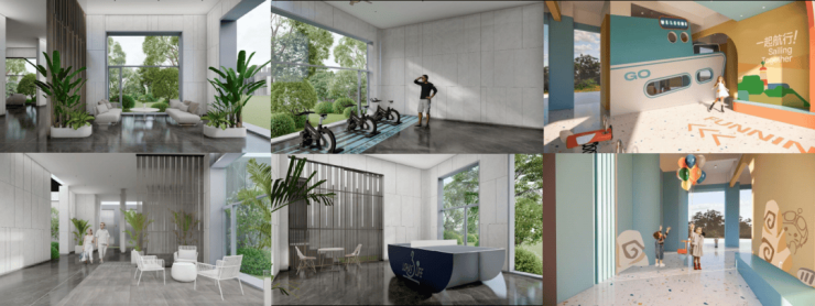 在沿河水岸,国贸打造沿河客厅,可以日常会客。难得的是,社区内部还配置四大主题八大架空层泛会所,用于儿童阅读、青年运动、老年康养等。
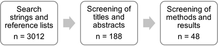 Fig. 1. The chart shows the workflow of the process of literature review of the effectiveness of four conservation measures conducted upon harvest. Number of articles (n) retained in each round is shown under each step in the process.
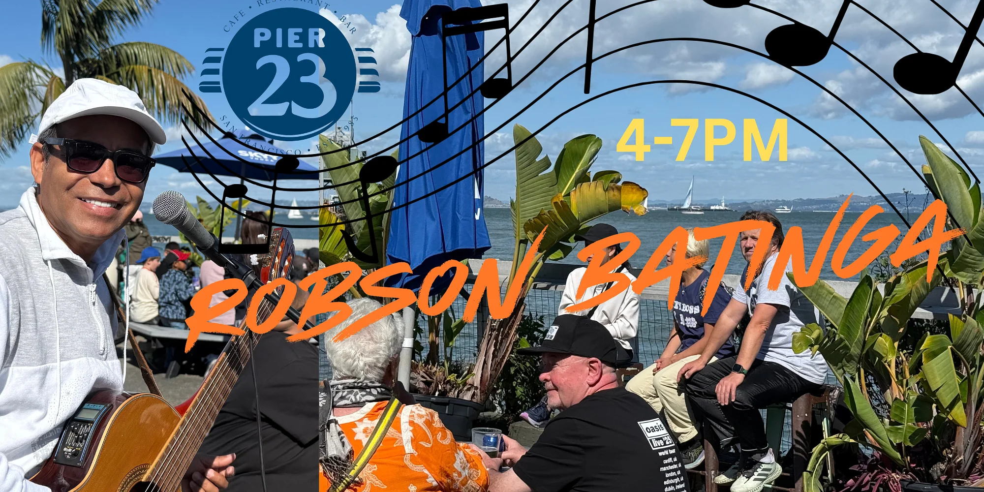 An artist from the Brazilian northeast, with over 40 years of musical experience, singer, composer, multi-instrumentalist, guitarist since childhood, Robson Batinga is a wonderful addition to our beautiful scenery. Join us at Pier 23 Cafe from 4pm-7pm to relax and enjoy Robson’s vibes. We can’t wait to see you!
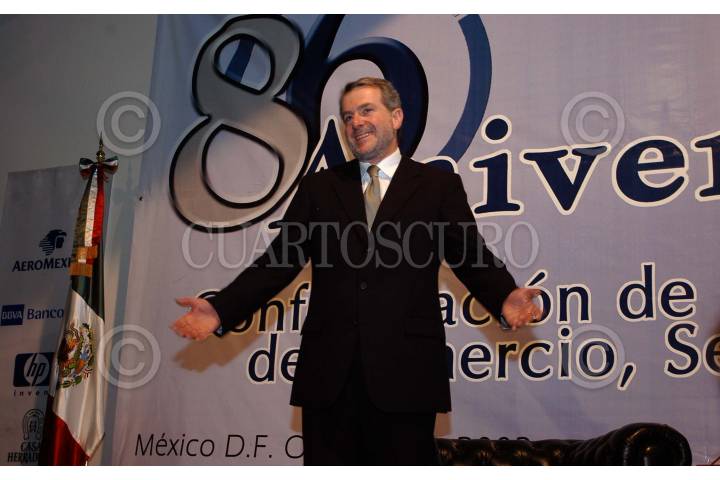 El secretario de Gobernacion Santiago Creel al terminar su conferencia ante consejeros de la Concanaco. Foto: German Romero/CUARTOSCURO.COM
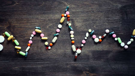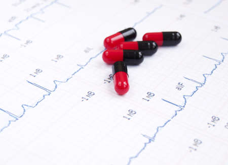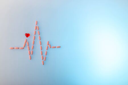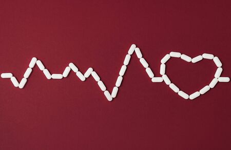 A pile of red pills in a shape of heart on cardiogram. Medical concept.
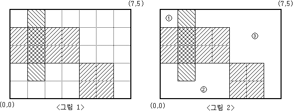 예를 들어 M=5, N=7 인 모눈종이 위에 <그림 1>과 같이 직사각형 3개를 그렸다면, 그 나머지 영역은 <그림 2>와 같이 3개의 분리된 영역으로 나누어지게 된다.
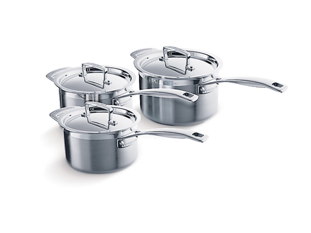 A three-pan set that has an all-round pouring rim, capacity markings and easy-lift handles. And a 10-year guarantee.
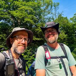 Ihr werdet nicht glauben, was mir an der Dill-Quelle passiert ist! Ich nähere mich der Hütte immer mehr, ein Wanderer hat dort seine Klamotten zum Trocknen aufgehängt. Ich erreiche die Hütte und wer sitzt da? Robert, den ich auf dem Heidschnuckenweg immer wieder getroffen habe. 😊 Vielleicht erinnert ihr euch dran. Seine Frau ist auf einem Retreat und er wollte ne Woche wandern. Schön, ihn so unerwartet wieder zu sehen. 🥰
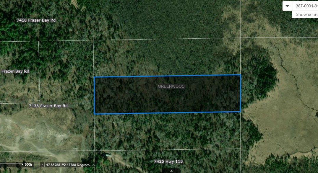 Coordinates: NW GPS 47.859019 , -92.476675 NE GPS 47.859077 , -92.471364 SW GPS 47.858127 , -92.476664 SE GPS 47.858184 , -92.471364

Exercise instructions.
Within these entries, output exactly the lines starting at the one with "A pile of red" and finishing at the one with "A three-pan set". Leave pictures out of the output.

Answer space.
 A pile of red pills in a shape of heart on cardiogram. Medical concept.
 예를 들어 M=5, N=7 인 모눈종이 위에 <그림 1>과 같이 직사각형 3개를 그렸다면, 그 나머지 영역은 <그림 2>와 같이 3개의 분리된 영역으로 나누어지게 된다.
 A three-pan set that has an all-round pouring rim, capacity markings and easy-lift handles. And a 10-year guarantee.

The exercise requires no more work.